Allora non abbiamo la stessa concezione di fascismo.

Il "territorio", come dicevo anche sopra, DIVENTA una componente della Nazionalità. A CAUSA della Civiltà che lo abita. Il Territorio si Difende, ed è questo che amiamo, perchè è "habitat" di una Civiltà, quella Civiltà "senza tempo" a cui Dante si Riferisce. Il "Territorio" in Dante assume la forma della Civiltà e spessissimo, specialmente al Tempo di Dante, si dà alla "terra" (che i contemporanei di Dante concepivano come "dono" del Creatore) lo stesso significato di ciò che essa rappresenta: la Civiltà.
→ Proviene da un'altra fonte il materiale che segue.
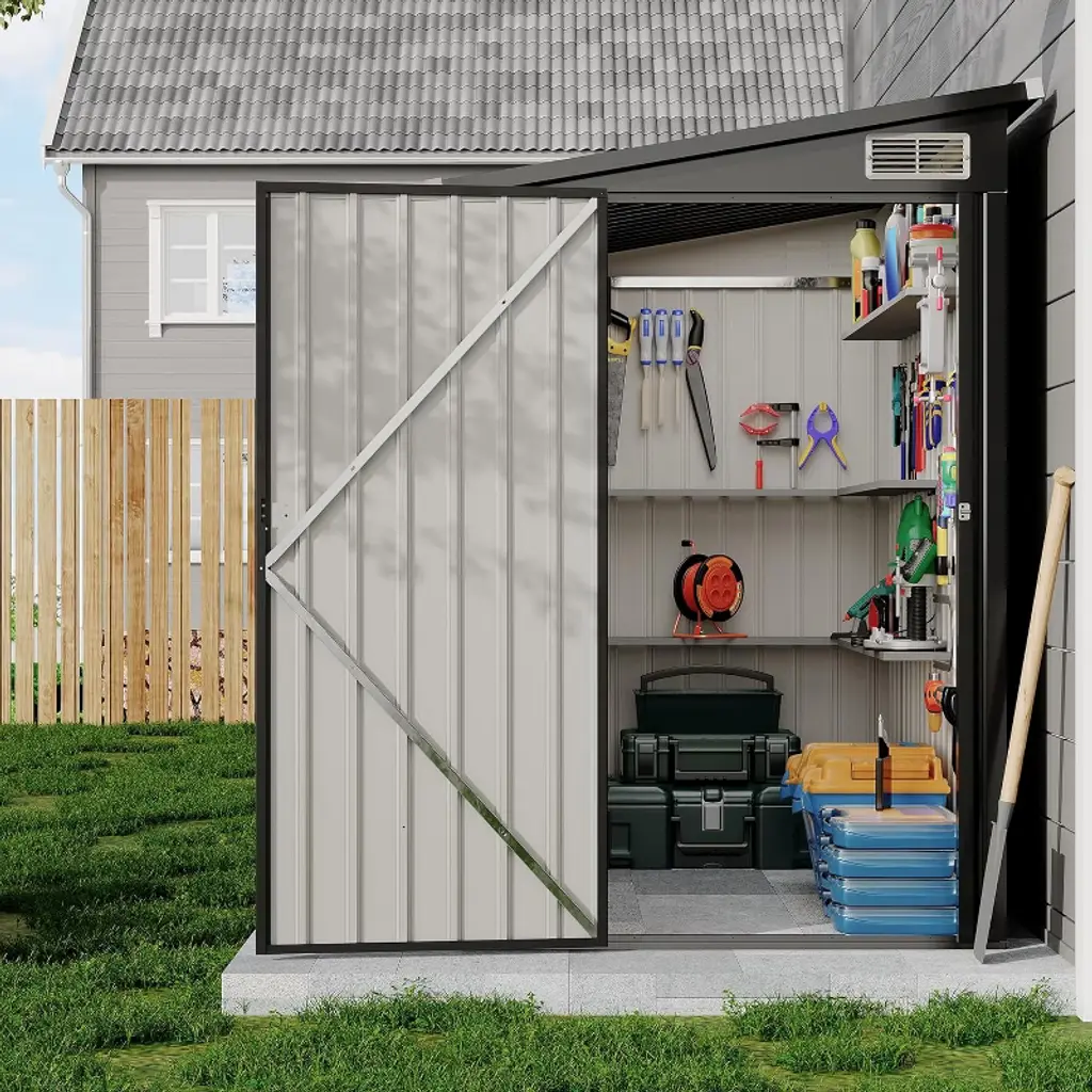 Our lean to metal shed is designed with practicality in mind. It features two air vents, one at the front and another at the back.The sturdy build makes it a reliable choice for long term use, safeguarding your stored items through various seasons and environmental challenges.The shed's walls can be customized by drilling holes to install shelves for additional storage. Alternatively, you can purchase separate freestanding.
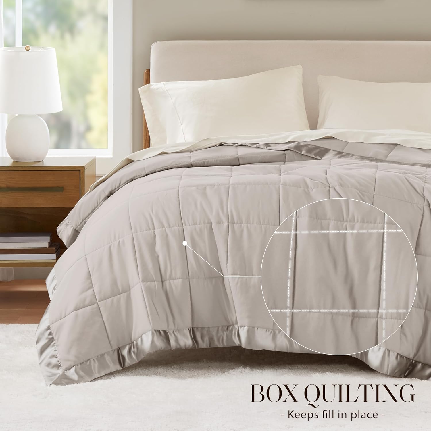 Madison Park Windom Down Alternative Blanket, Premium 3M Scotchgard Moisture Wicking Treatment, Lightweight and Soft Bed Cover For All Season, Satin Trim, Grey Twin
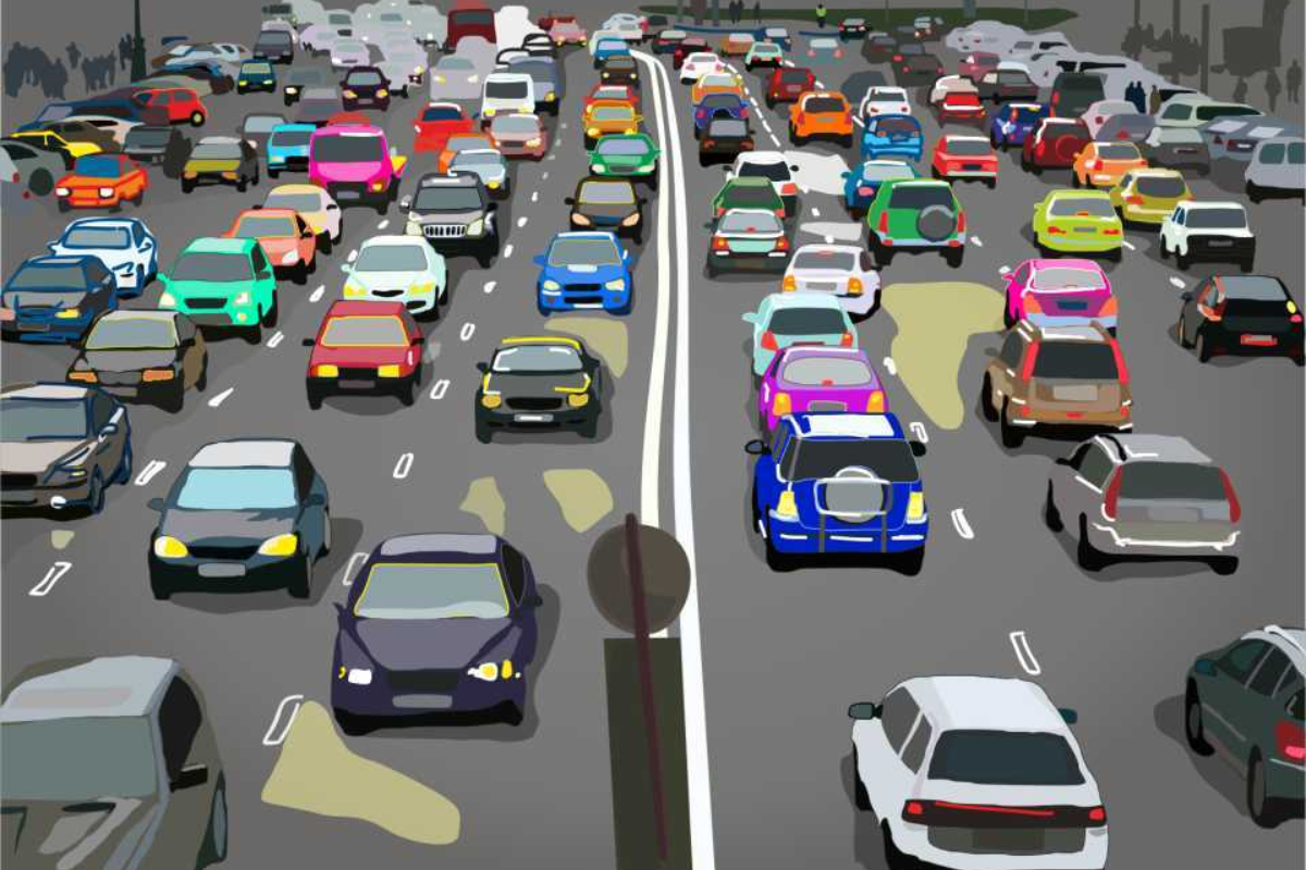 A imagem apresenta uma rodovia congestionada com uma grande quantidade de carros coloridos, variando entre tons de azul, rosa, verde, vermelho, e outras cores. A cena retrata uma visão aérea do tráfego em várias faixas, com veículos se movendo em ambas as direções. Cada carro parece estar em movimento, o que contribui para a complexidade da imagem.
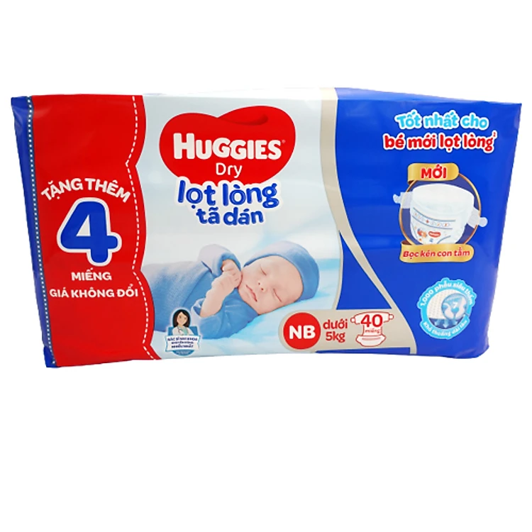 - Tã Dán Sơ Sinh Huggies NB40 - Dưới 5Kg là tã dán Sơ sinh duy nhất có thiết kế độc đáo Bọc Kén Con Tằm mới với vùng lưng có Lớp đệm siêu mềm như bọc kén giúp nâng niu bảo vệ da bé từ ngày đầu chào đời.
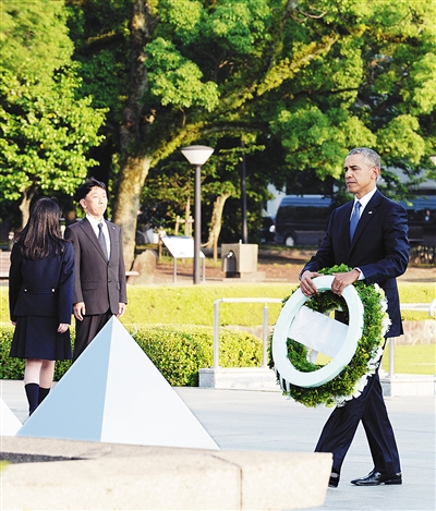 当天下午,奥巴马在出席七国集团峰会后飞赴广岛,并在日本首相安倍晋三陪同下参观了广岛和平纪念公园内的资料馆。随后,奥巴马和安倍先后向慰灵碑献上花圈,但奥巴马并未鞠躬。
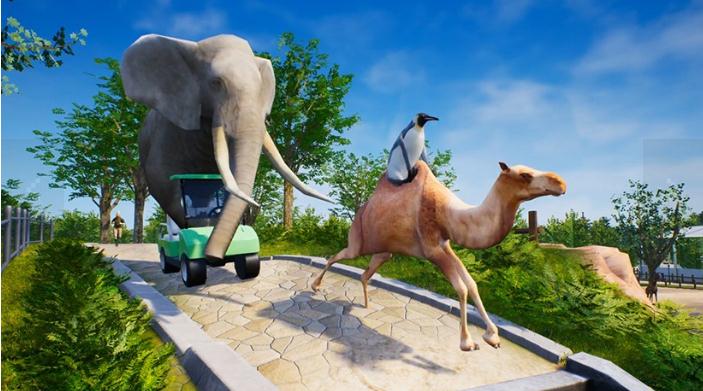 整个游戏非常沙雕,你经常能看到猩猩冲进厕所拆掉马桶,企鹅开着游览车横冲直撞,猴子用起重机把大象吊起来...当然充满想象力的玩家的沙雕程度是无穷大的,你想怎么玩随你的便,只是那画面太美我不敢看。

Del resto la stessa citazione che porti, de-contestualizzata al massimo, riporta un punto di raccordo ben definito: "Ecco perchè un minimo di lembo di terra ci è sacro e diventa ragione del nostro ardore, del nostro entusiasmo, del nostro tormento; ecco perchè lo facciamo oggetto della nostra consacrazione".

Chi "fa oggetto" che cosa? Questa frase è la chiave di volta per il discorso e si ricollega a quello che dicevo. Ma fondamentalmente al Fascismo-pensiero che in teoria abbiamo già ampiamente discusso e portato a galla!
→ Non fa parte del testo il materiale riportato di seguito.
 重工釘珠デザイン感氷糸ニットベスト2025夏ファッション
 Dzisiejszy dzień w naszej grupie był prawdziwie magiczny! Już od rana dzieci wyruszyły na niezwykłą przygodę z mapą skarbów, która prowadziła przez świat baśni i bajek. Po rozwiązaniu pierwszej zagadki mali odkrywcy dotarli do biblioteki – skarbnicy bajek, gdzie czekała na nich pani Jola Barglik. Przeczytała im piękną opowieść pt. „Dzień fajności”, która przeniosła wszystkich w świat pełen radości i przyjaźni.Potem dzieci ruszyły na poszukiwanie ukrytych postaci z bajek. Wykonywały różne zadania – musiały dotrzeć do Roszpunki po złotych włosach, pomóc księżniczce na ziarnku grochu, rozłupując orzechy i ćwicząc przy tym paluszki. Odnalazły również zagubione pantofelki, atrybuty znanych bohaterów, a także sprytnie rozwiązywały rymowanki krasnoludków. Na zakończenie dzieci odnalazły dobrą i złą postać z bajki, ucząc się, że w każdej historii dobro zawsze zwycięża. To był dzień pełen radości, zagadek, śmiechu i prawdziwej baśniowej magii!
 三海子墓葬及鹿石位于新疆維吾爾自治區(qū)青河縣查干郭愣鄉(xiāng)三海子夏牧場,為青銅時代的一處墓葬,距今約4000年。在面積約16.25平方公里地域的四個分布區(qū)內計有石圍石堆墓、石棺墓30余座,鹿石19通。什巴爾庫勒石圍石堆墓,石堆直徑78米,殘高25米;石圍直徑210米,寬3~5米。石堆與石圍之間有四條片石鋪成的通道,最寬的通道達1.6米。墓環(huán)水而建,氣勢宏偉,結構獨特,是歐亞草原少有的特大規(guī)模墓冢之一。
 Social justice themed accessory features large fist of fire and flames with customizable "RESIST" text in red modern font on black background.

La "terra" è FECONDATA da una Civiltà. C'è un contesto definito. Il Discoros di Mussolini è lineare alla Civiltà a cui rimanda la "Terra". E questa stessa Civiltà non può fare a meno di SUPERARE la "Terra".

C'è un primato tra Civiltà e "terra" e non può esistere la seconda senza la prima! E quando la prima crolla e viene debellata, la secondo è UN INVOLUCRO VUOTO senza "anima"!

Ma se ancora non è chiaro questo, dal punto di vista fascista, allora alzo le mani.

Il "Romanticismo Nazionalistico" è il punto peggiore di frizione con il mondo di Destra che vi innesta le sue fondamenta! Queste distinzioni non sono bizantinismi, ma devono far chiarezza! Così come l' "hegelismo" e il "non hegelismo".. E tutto il contesto "evoliano" con cui il fascismo COZZA!

Ma, ripeto, se non è chiaro questo concetto, allora alzo le mani.